## ABOUT THIS EXERCISE
Please, without any pictures, transcribe the lines from the one holding "BALANCE OF 7" to the end of the listing, both ends included.

## RECORDS FOR THE TASK
»»

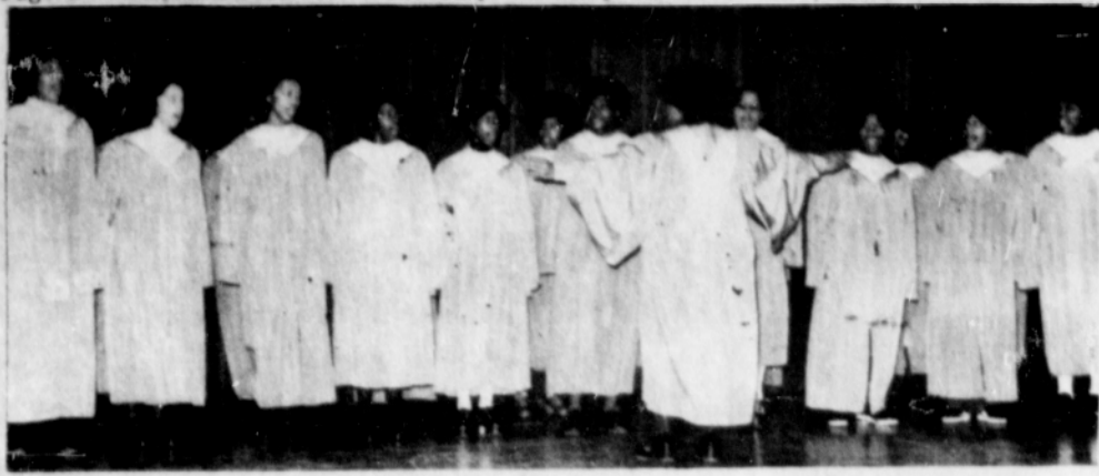
Students of Monroe High School present Black Culture program for classmates.
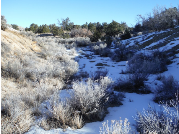
North Diversion Channel, Section NDC-1 Typical Channel Condition (looking N) (12/14/13)
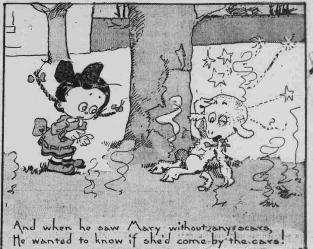
And when he saw Mary without any scars, He wanted to know if she'd come by the cars!
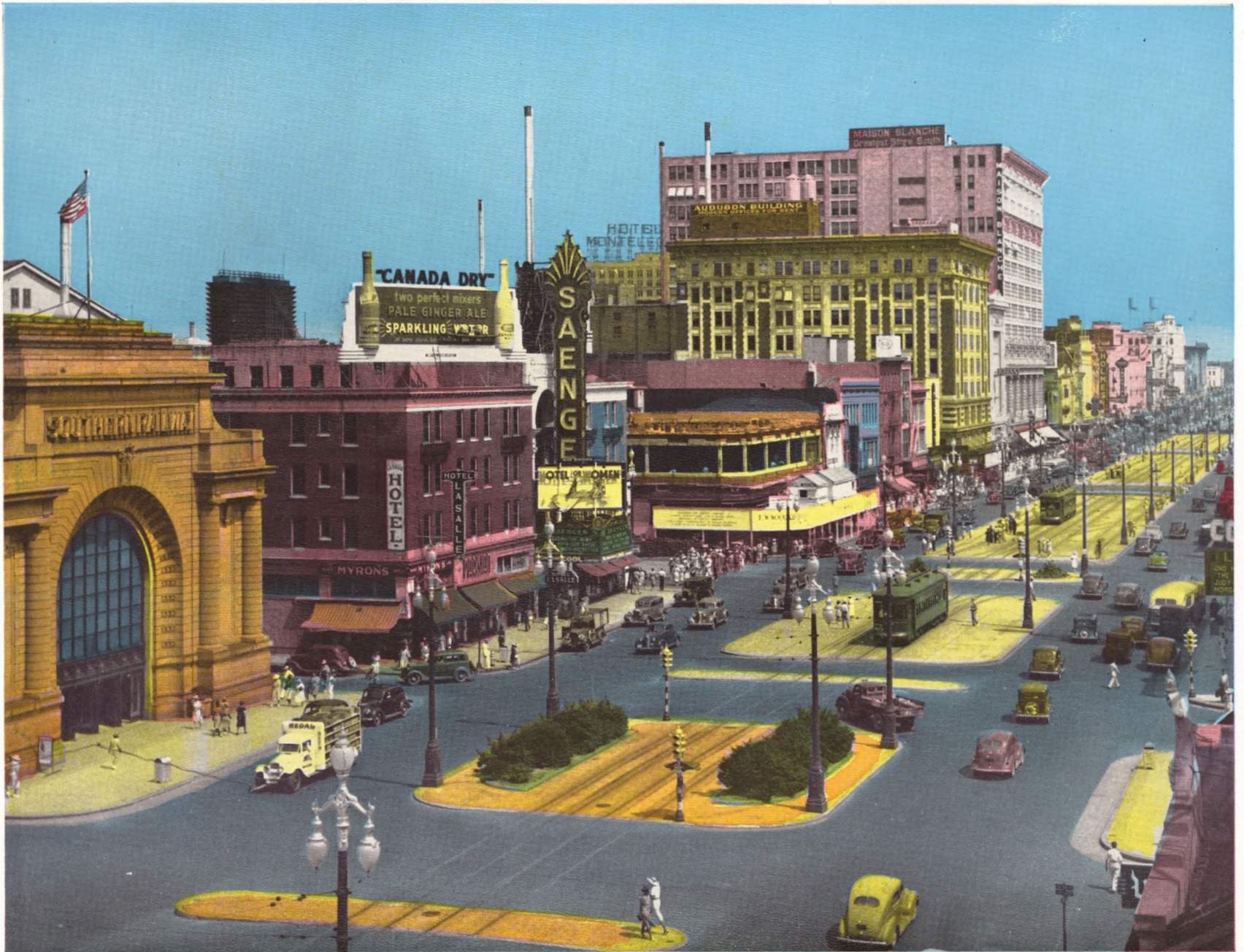
CANAL STREET, NEW ORLEANS, LA. AMERICA'S WIDEST BUSINESS STREET
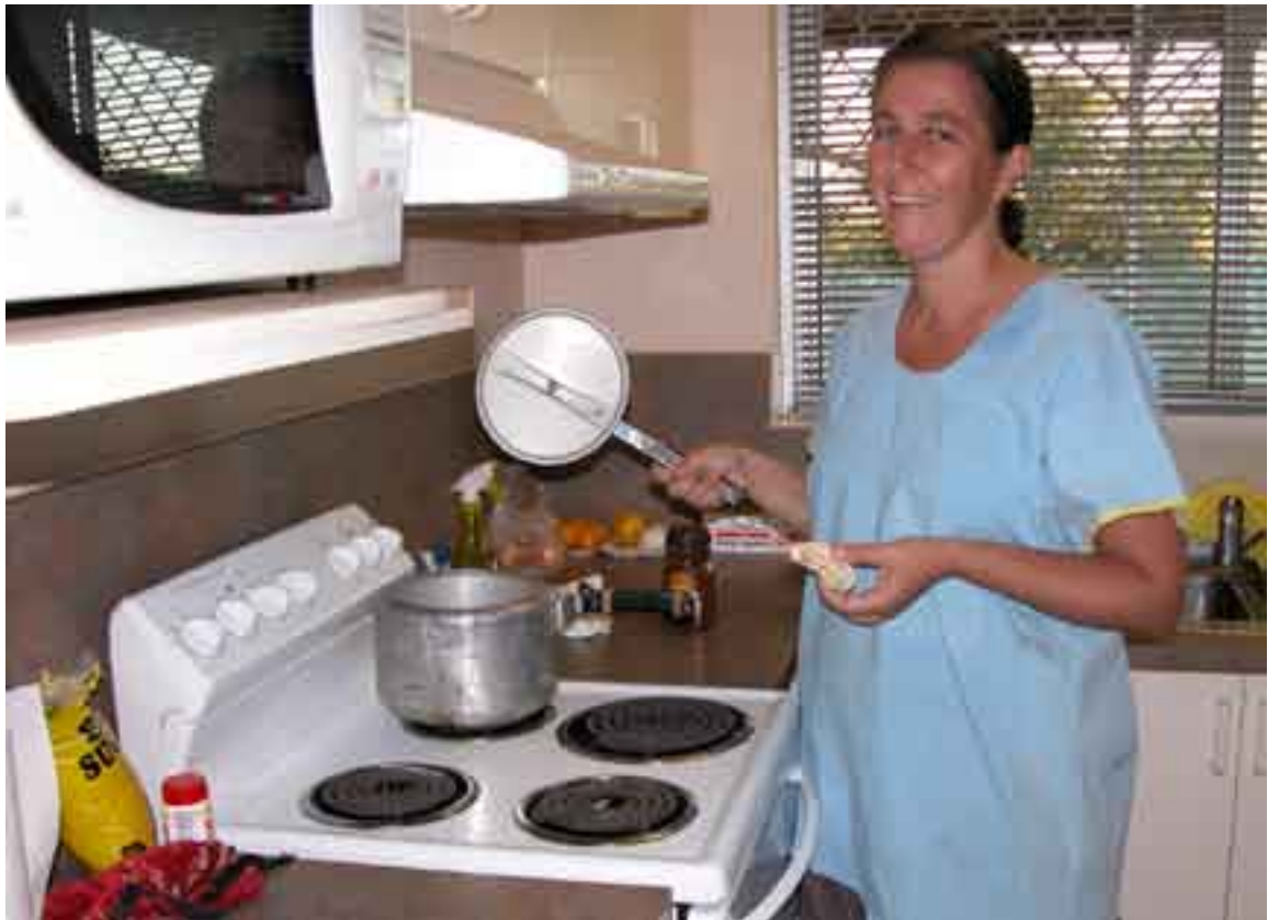
Figure 8. Cooking the empty pressure cooker over breakfast. Boil until it is dry then open the lid over heat, allow the remaining water to evaporate and reseal. You now have a sterile container for the day.

Females have often had multiple litters prior to being speyed and the cervix and ovarian pedicles can be quite large and tough.
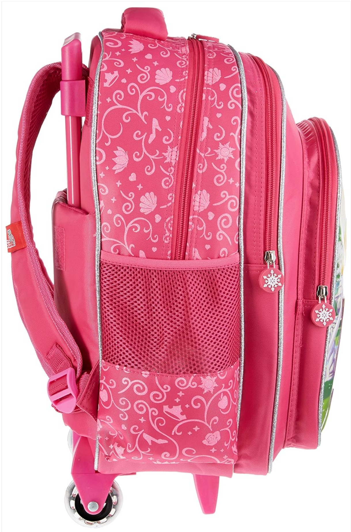
Image: Side view of the backpack, featuring a mesh pocket suitable for holding a water bottle, and the patterned pink fabric.
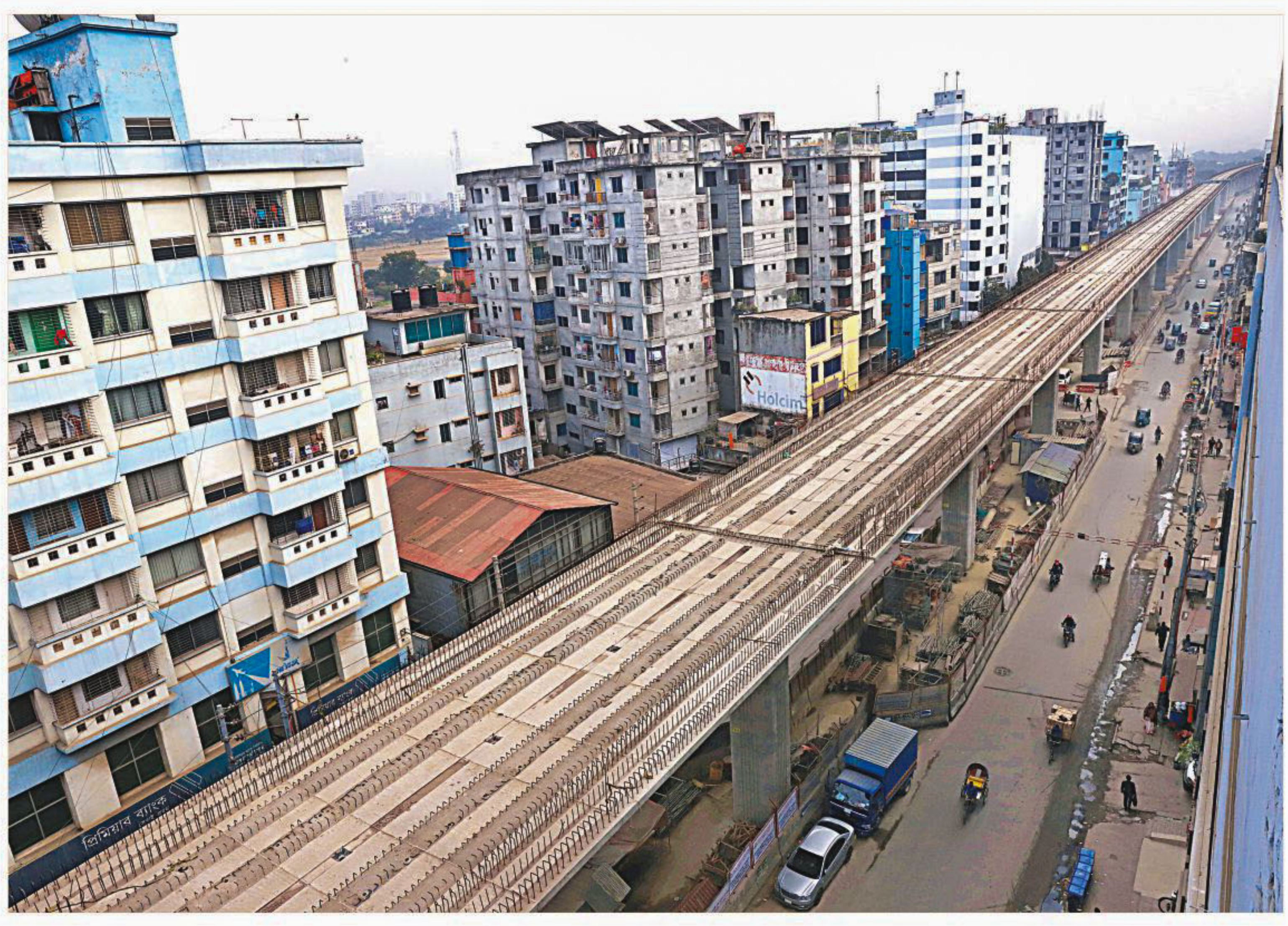
A portion of the metro rail's viaduct in Shewrapara in the capital. The project authorities are set to start installing rail lines on the elevated structure on January 1. The photo was taken yesterday.
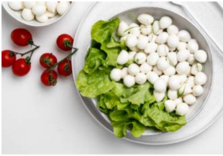
BABY BOCCONCINI 4g Petite sized mozzarella
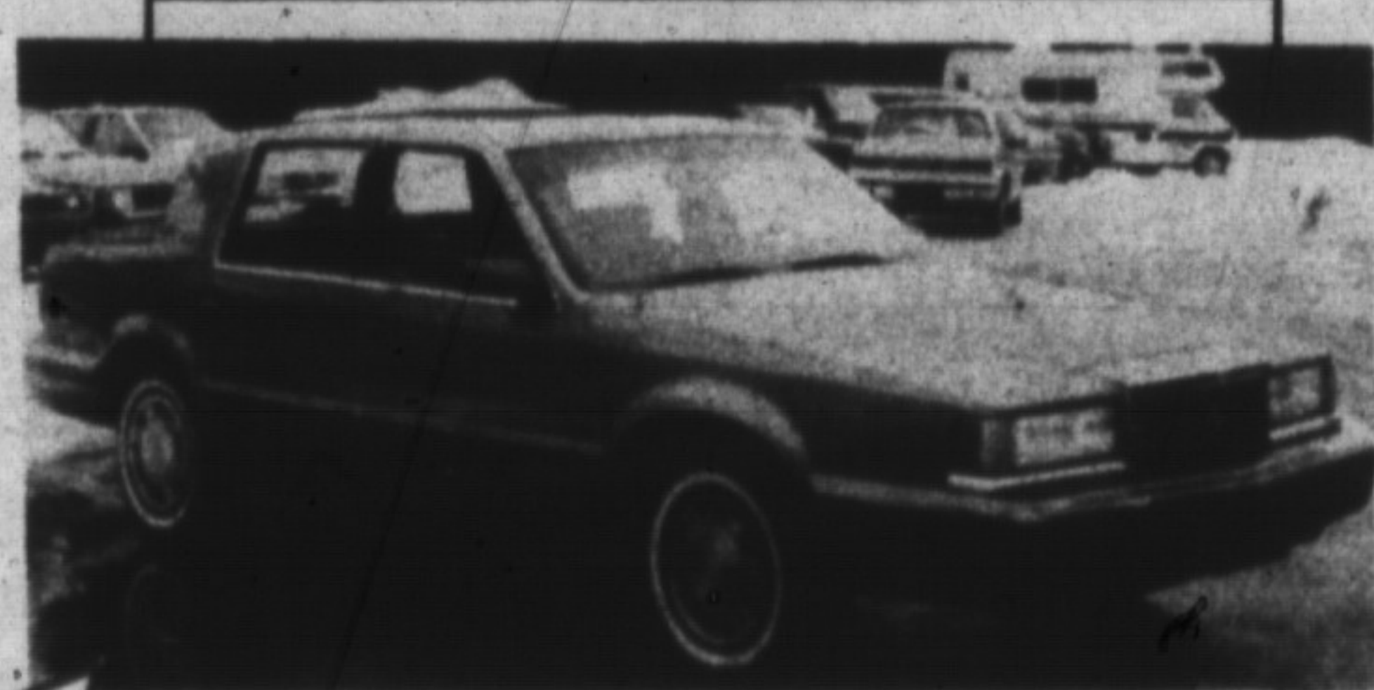
1991 CHRYSLER DYNASTY Air, low kms, grey *13,995

BALANCE OF 7 YEAR OR 115,000 KM POWER TRAIN WARRANTY
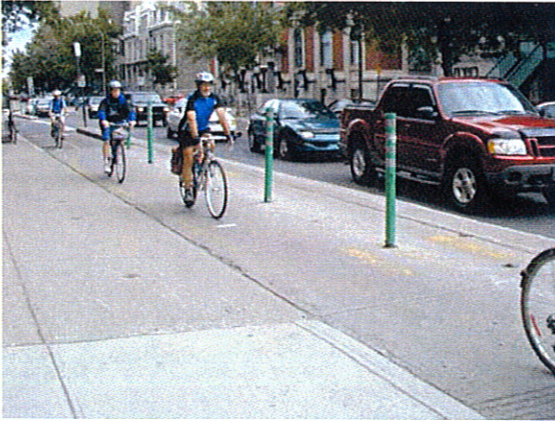
Figure 5 - Curb Extended Bus Stop
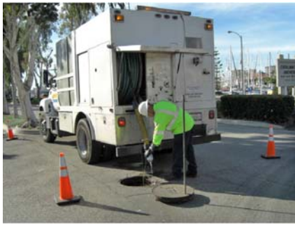
Inspection Crew at work

To provide 24-hour service to respond to complaints from citizens, such as sewer overflows, flood outs, odors, insects, and rodents, etc.
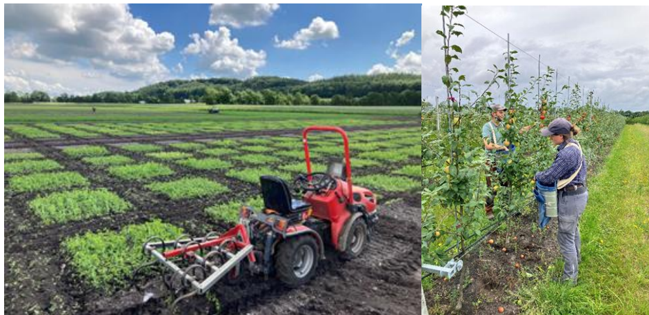
Left: One of the research fields established with a wide range of pea varieties.

During the project, we have further developed our Education and Research Garden and maintained and prepared the research vegetable fields and the orchard for dissemination and education activities.
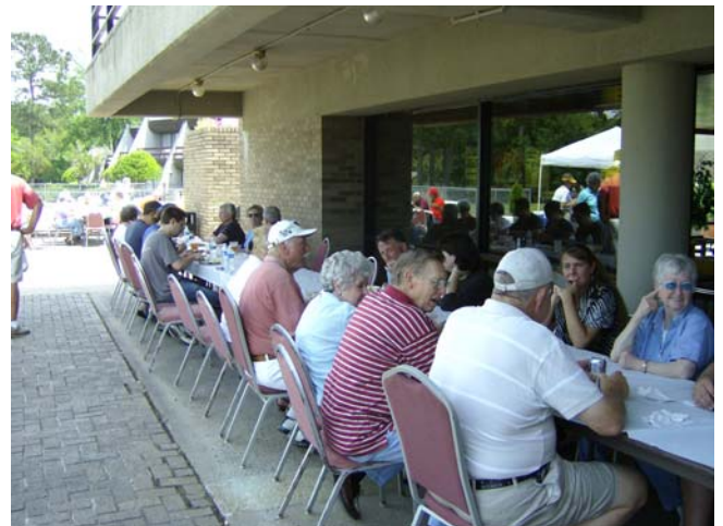
Isn't the Shade Great

««

## PROBLEM SOLUTION
BALANCE OF 7 YEAR OR 115,000 KM POWER TRAIN WARRANTY
Figure 5 - Curb Extended Bus Stop
Inspection Crew at work

To provide 24-hour service to respond to complaints from citizens, such as sewer overflows, flood outs, odors, insects, and rodents, etc.
Left: One of the research fields established with a wide range of pea varieties.

During the project, we have further developed our Education and Research Garden and maintained and prepared the research vegetable fields and the orchard for dissemination and education activities.
Isn't the Shade Great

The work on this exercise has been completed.